US judge strikes down Florida ban on gender-affirming healthcare

A person holds up a flag during rally to protest the Trump administration's reported transgender proposal to narrow the definition of gender to male or female at birth in New York

By Jonathan Allen

(Reuters) - A federal judge ruled on Tuesday that parts of Florida's ban of puberty blockers and hormone therapy for transgender children and restrictions on gender-affirming healthcare for adults are unconstitutional and ordered that it not be enforced.
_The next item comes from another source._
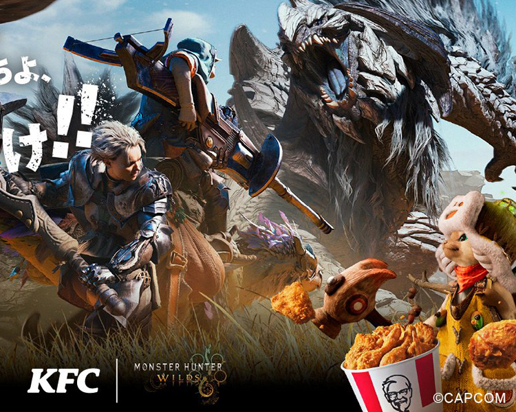 Depois da parceria que a Capcom fez com o McDonald’s para hamburgueres de Street Fighter, outra ação colaborativa foi iniciada no Japão envolvendo os restaurantes KFC com Monster Hunter Wilds. Pingentes com os gatinhos de Monster Hunter, Airou para os íntimos, vão compor alguns combos da rede.
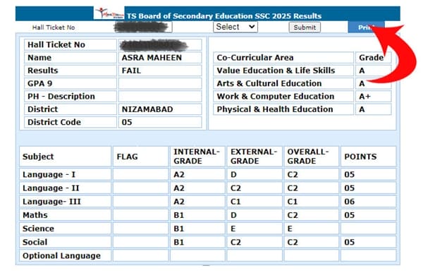 Some of the information that will be included in the online TS SSC advanced supplementary results 2025 include the following:

Republican Florida Governor Ron DeSantis signed the restrictions into law in 2023, banning people under the age of 18 from receiving puberty blockers or hormone therapy to treat gender dysphoria, though the law allowed children who had begun receiving gender-affirming care before May 17, 2023, to continue to do so with new restrictions.

The law, part of a slew of restrictive legislation in recent years advanced by Republicans to regulate the lives of transgender people, also imposed new restrictions on adults receiving gender-affirming healthcare.

U.S. District Judge Robert Hinkle in Tallahassee ruled that all those elements violated the U.S. Constitution's guarantee of equal protection under the law, noting that some Florida legislators "plainly acted from old-fashioned discriminatory animus."

"Gender identity is real," he wrote in his order, ruling that it was unconstitutional to discriminate against transgender people. "In time, discrimination against transgender individuals will diminish, just as racism and misogyny have diminished."

A spokesperson for DeSantis, who signed the ban into law shortly before announcing his failed bid to become the Republican nominee for the U.S. presidential election, said the state would appeal the ruling and referred to gender-affirming healthcare as an aspect of "radical, new age 'gender ideology.'"

"These procedures do permanent, life-altering damage to children, and history will look back on this fad in horror," the spokesperson, Julia Friedland, said in a statement.

The judge noted that doctors who treat transgender patients, multiple medical associations and the U.S. Department of Health have widely accepted that the therapies banned by Florida are "well-established standards of care for treatment of gender dysphoria."

Several parents of transgender children, who were plaintiffs in the lawsuit, gave testimony to the court that gender-affirming healthcare was allowing their children to flourish and be happy. A transgender man, another plaintiff, testified that Florida's new restrictions had interrupted his taking of testosterone when his prescription lapsed, causing distress, anxiety and depression.

Because the law allowed healthcare providers to continue providing puberty blockers or hormone therapy to children and adults who are not transgender, Hinkle ruled that the law unconstitutionally discriminated on the basis of sex.

Doctors who violated the law faced up to five years in prison.

The judge noted that Florida lawmakers and Governor DeSantis, in passing the law, spoke openly about their moral disapproval of transgender people. This hindered the state's lawyers from successfully arguing that the law was a good-faith effort to regulate healthcare and not motivated by unconstitutional discriminatory animus.

"The statute and the rules were an exercise in politics, not good medicine," the judge wrote. "The great weight of medical authority supports these treatments."